Auch durch das neue Krankenpflegegesetz von 2003 hat sich wenig an der Trägerschaft bezüglich der Ausbildungsstätten geändert. Immer noch sind es vornehmlich Krankenhäuser, die Träger der Ausbildungsstätten sind. Weiterhin wurden die Krankenpflegeschulen nicht in das duale Berufsbildungssystem eingebunden. Auch die Doppelrolle der Auszubildenden als auf der einen Seite Auszubildende und auf der anderen Seite als Arbeitnehmer bleibt erhalten und führt in der Regel zu Interessenkonflikten zwischen Schule und Praxis. Der typische Sonderweg in der Pflegeausbildung wurde auch im Krankenpflegegesetz von 2003 beibehalten (vgl. Stöcker 2003, S. 618 ff.).

Durch das Altenpflegegesetz wie auch durch das Krankenpflegegesetz bleiben die drei traditionellen Pflegeberufe weiterhin getrennt voneinander bestehen und verharren in einem gegenseitigen Konkurrenzverhalten. Stöcker sieht aber im Ausbildungsziel des Krankenpflegegesetzes von 2003 einen umfassenden Ansatz von Pflege, der die Abgrenzung der beiden Pflegeberufe Gesundheits­und Krankenpflege und Gesundheits- und Kinderkrankenpflege immer mehr aufweicht (vgl. Görres et al. 2006, S. 18).

2.7 Die Entwicklung der Altenpflegeausbildung in Deutschland

Die Altenpflege entwickelte sich als eigenständiger Pflegeberuf aus betriebsinternen Schulungen von konfessionellen Trägern sowie durch Initiative der Arbeitsämter zu einem sozialpflegerisch orientierten Beruf. Zwischen 1958 und 1960 gab es die ersten Altenpflegeschulen in einigen Bundesländern Deutschlands und es dauerte bis 1979, bis in allen Bundesländern die Altenpflegeausbildung eingeführt wurde. Dies war in den einzelnen Bundesländern jedoch ganz unterschiedlich konzipiert und ging von einer einjährigen über eine zweijährige bis hin zu einer dreijährigen Ausbildung (vgl. BMFSFJ 2007, S. 18 - 19).
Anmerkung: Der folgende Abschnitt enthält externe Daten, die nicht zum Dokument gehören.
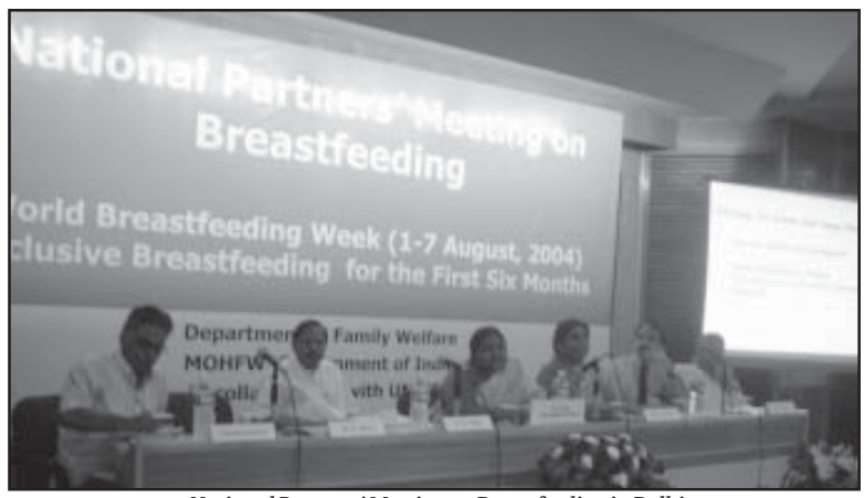
National Partners' Meeting on Breastfeeding in Delhi

BPNI released its National Report on "Status of Infant and Young Child Feeding in 49 Districts (98 Blocks) of India 2003" at Hotel Claridges, New Delhi on 1st September. This report based on interviews of about 9000 mothers, reveals a very low rate of starting breastfeeding within one hour and exclusive breastfeeding for the first six months. This study was conducted from two blocks each of 49 districts across 25 states and 3 UTs of India. The report emphasizes that promotion of optimal infant and young child feeding practice, including exclusive breastfeeding for the first six months, continued breastfeeding for two years or beyond along with appropriate and adequate complementary feeding starting after six months, is crucial for the prevention of malnutrition. The report was released by Shri Jairam Ramesh, Member of Parliament and member of the National Advisory Council. He pointed out that malnutrition was high not only in poorer states but also in certain pockets of progressive states. He also said that if we continue in the present way, it will take 40 years to effectively reduce child malnutrition. Thus Infant and Young Child Feeding provides a great window of opportunity towards lowering Infant and Young Child malnutrition. Smt. Reva Nayyar, Secretary Department of Women and Child Development (DWCD), Ms. Erma Manoncourt, Dy Director,

Da die Altenpflegeausbildung bis zur Einführung des Altenpflegegesetz auf Bundesebene im Jahr 2003 Ländersache war, kam es seit den siebziger Jahren in der Altenpflegeausbildung zu großen Unterschieden, wobei die in den einzelnen Bundesländern erworbenen Abschlüsse lediglich durch eine Rahmenvereinbarung wechselseitig anerkannt wurden (vgl. Sahmel 2002, S. 57).

Ab 1988 gab es dann die ersten Initiativen zur Regelung der Altenpflegeausbildung auf Bundesebene, wobei erst im Jahr 2000 dann ein "Gesetz über die Berufe in der Altenpflege" verabschiedet wurde, das aber aufgrund des Einspruches des Landes Bayern beim Bundesverfassungsgericht erst im Jahr 2003 in Kraft trat (vgl. Sahmel 2002, S. 57).

Dieses Gesetz regelt die Altenpflegeausbildung erstmalig auf Bundesebene. Die Altenpflegehilfe wird weiterhin auf der Ebene der Bundesländer geregelt. Ziel des Gesetzes ist es ein einheitliches Ausbildungsniveau sicherzustellen, die Attraktivität des Berufes zu erhöhen und dem Altenpflegeberuf ein klares Berufsprofil zu geben.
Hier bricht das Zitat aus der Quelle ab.